If an interaction is included in the model, the main effects of both of
those variables must also be in the model

If a main effect is not in the model, then its interaction should not be 
in the model.

---

## Other model selection criteria

- Adjusted `$R^2$` is one model selection criterion

- There are others out there (many many others!), we'll discuss some later in the 
course, and some you might see in another courses

---

# Your turn

---

## Your turn

Work in teams on RStudio Cloud

**Project:** Model selection for Paris Paintings

Make a copy and get started

---

## Planning

Decide on a subset of variables to consider for your analysis.

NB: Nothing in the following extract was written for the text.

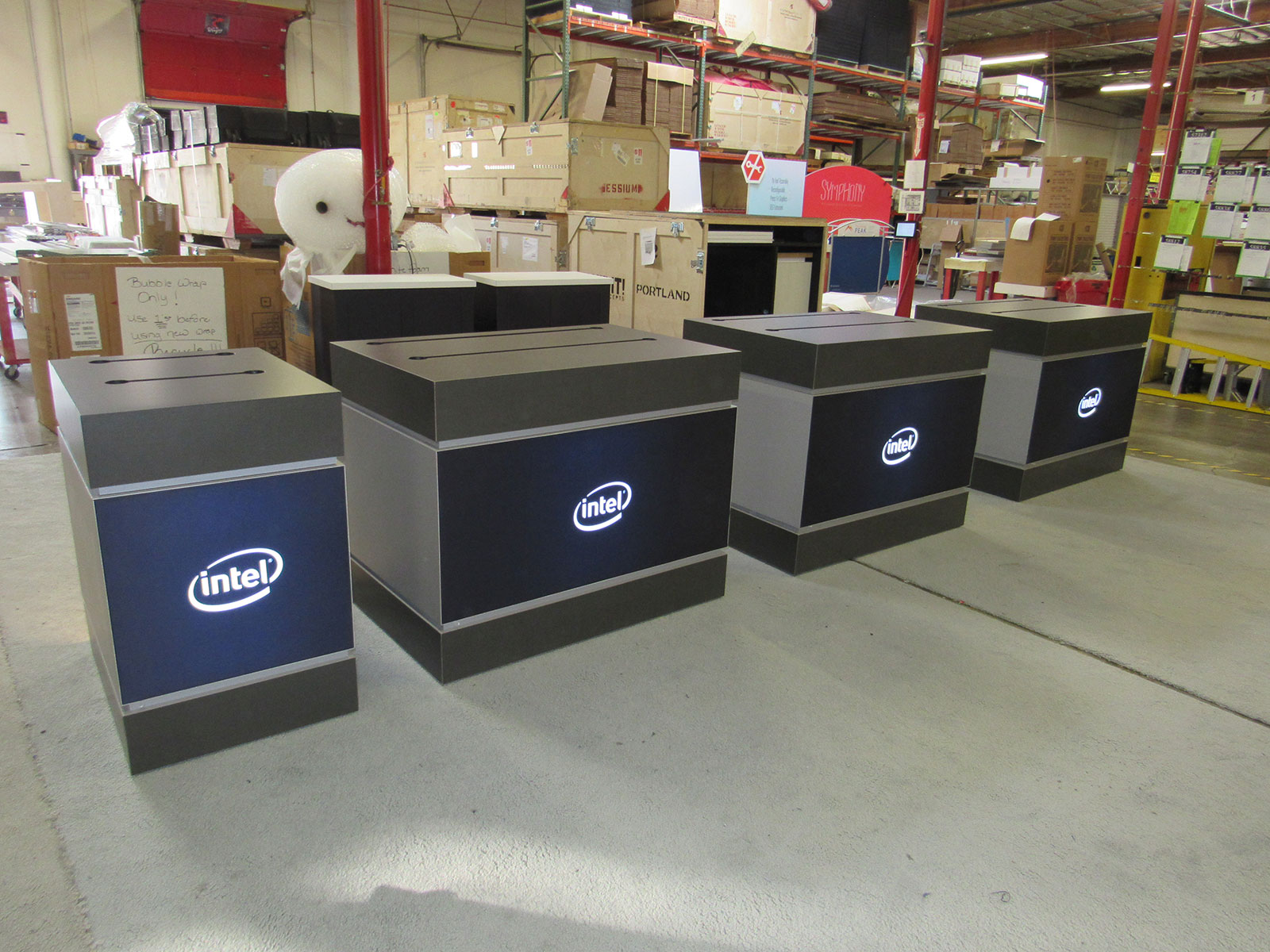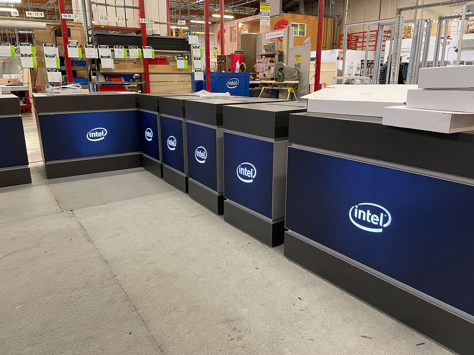 Custom Counters with Backlit Graphics, Integrated Wire/Electrical Management, Casters, SEG Graphics, and Custom Wood Crates Custom Counters with Backlit Graphics, Integrated Wire/Electrical Management, Casters, SEG Graphics, and Custom Wood Crates Custom Crates

- Think about it as focusing on certain aspects of the price determination, 
as opposed to all aspects.

- You're allowed a maximum of 10 total variables to consider, including 
interactions.

- The more variables you consider the longer model selection will take so 
keep that in mind.

---

## Planning (cont.)

Decide among these which variables might make sense to interact. Remember, 
we consider interactions when variables might behave differently for various 
levels of another variable. Ideally, you would get expert guidance for
choosing interactions. Below is a list of interactions compiled by them 
that might be potentially interesting:

.small[
- School of painting & landscape variables: `school_pntg` & `landsALL` / `lands_figs` / `lands_ment`
- Landscapes & paired paintings: `landsALL` / `lands_figs` / `lands_ment` & `paired`
- Other artists & paired paintings: `othartist` & `paired`
- Size & paired paintings: `surface` & `paired`
- Size & figures: `surface` & `figures` / `nfigures`
- Dealer & previous owner: `dealer` & `prevcoll`
- Winning bidder & prevcoll: `endbuyer` & `prevcoll`
- Winning bidder & artist living: `winningbiddertype` & `artistliving`
]

This is not an exhaustive list, so you might come up with others.

---

## Model fitting, selection, and interpretation

- Use backwards elimination to do model selection. Make sure to show 
each step of decision (though you don't have to interpret the models at 
each stage).

- Provide interpretations for the slopes for the final model you arrive at 
and create at least one visualization that supports your narrative.